The SPDR S&P Oil & Gas Exploration & Production ETF (XOP) tumbled about 8% just last week and now dwells more than 45% below its 52-week, but some traders think there is more downside coming for the often volatile exchange traded fund.
Options market data indicate that some traders are rolling over profitable puts on XOP and that action comes with the ETF residing 21% below its 200-day moving average, indicating bearish might be the path of least resistance with XOP over the near-term.
“The bulk of this action has centered at the September 23 and 25 puts, where four massive blocks totaling 220,000 contracts have changed hands. Trade-Alert suggests one speculator may be rolling down their September 25 puts to the 23 strike, eyeing additional losses for the energy exchange-traded fund (ETF) over the next two months,” according to Schaeffer’s Investment Research.

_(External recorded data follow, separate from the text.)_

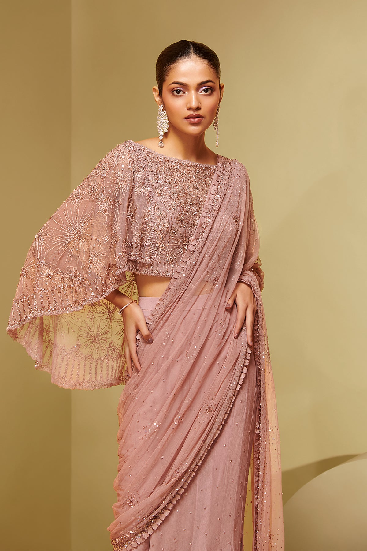 Old rose mesh and georgette two-pieces. Featuring stunning laser-cut embroidery along the border with intricate patterns that shimmer. Complemented with mesh adorned with playful dots and daisy laser-cut embroidery.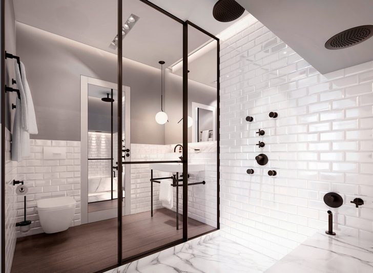 SSPS war nie als starres Konzept gedacht, daher haben wir es auch direkt in unterschiedlichen Design- und Stilwelten visualisiert. Hier haben wir unter anderem von Sieger Design gestaltete Produkte für Alape, Dornbracht, Duravit oder Aliseo eingesetzt, aber im Zentrum steht das Konzept selbst, für das Ausstattungsdetails, Materialien, Oberflächen und Farben individuell gewählt werden können. Und auch die architektonische Grundordnung lässt sich weiterdenken – in verschiedenen Maßstäben und für unterschiedliche Lebensbereiche. Und so wurde das Konzept über die Jahre weiterentwickelt: vom Hotelbad bis zum Stadtapartment.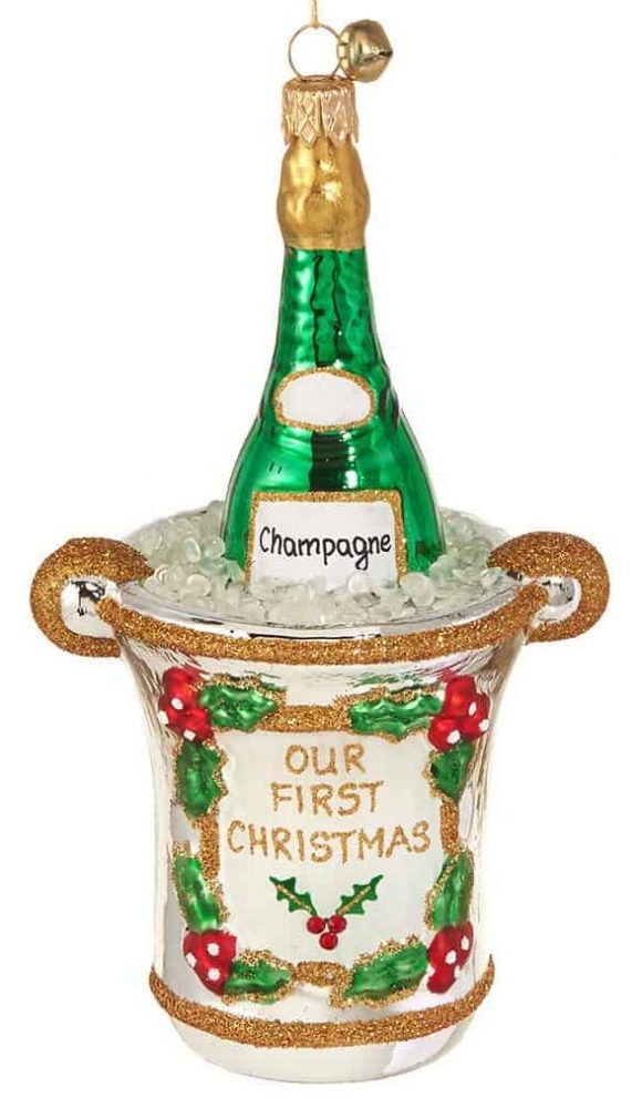 Mouth Blown, Hand Painted and Glittered in Poland Sterling Silver Lined Glass “Our First Christmas” Champagne Bucket Ornament Dated Upon Request 6″ Tall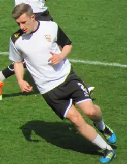 Targeted by manager Dean Glover, Port Vale continued the hunt for his signature even after Glover's departure.[16] Yates decided to wait until a manager was appointed before signing for the club,[17] and after Micky Adams was made manager Yates signed a two-year deal with the Vale.[18] He was forced to wait until 22 August before he made his competitive debut for the club,[19] as Sam Stockley had impressed in the right-back position in the pre-season and opening few games of the 2009–10 season. He was transfer listed in late September, along with the entire Port Vale squad, after manager Micky Adams saw his team slip to a third consecutive defeat.[20] Following Stockley's retirement in November, Yates was expected to fill the void,[21] though he faced competition for the right-wing-back spot from Anthony Griffith.[22] In his first game in almost a month he scored his first goal at Vale Park, scoring the opener of a 1–1 draw with Stevenage Borough in the FA Cup first round.[23][24] By February 2010 he was managing to maintain a first-team place,[25] helped by the team's change of formation from 3–4–3 to 4–4–2.[26]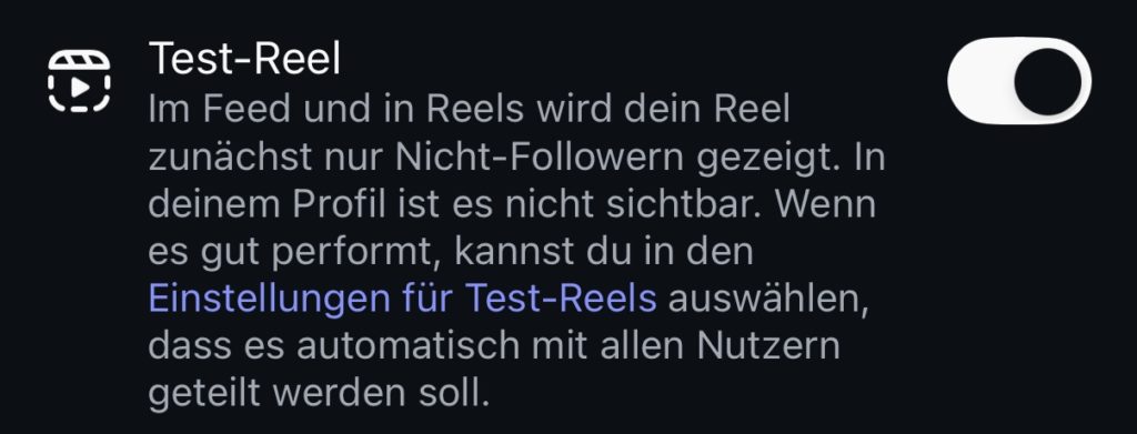 Um ein reguläres Reel zum Test-Reel zu verwandeln, müsst ihr im Upload-Prozess auf Instagram lediglich einen kleinen Schieber betätigen (siehe Bild ).

Prior to the latest declines, it looked like oil prices would trend higher after U.S. President Donald Trump decided to bring down the hammer with more sanctions on Iran in response an unmanned U.S. drone being shot down last month.
XOP ETF Woes
Further fueling the retreat in the energy markets, the U.S. is set to end its Iran sanction waivers program that allowed eight countries, including China and India, to import Iranian oil temporarily. However, Saudi Arabia stated it would increase its share of exports to make up the difference.
Traders looking for another avenue for participating in XOP’s downside can consider the Direxion Daily S&P Oil & Gas Exploration & Production Br 3X ETF (DRIP). DRIP attempts to deliver triple the daily inverse returns of the index that XOP tracks. DRIP surged more than 30% last week.
“Looking closer at the charts, the shares of XOP have been sliding over the long term, down 42.5% year-over-year. More recently, the fund has been guided lower by its 40-day moving average, and a recent rejection here has the shares headed for their fourth straight loss and their lowest close since Dec. 24,” according to Schaeffer’s.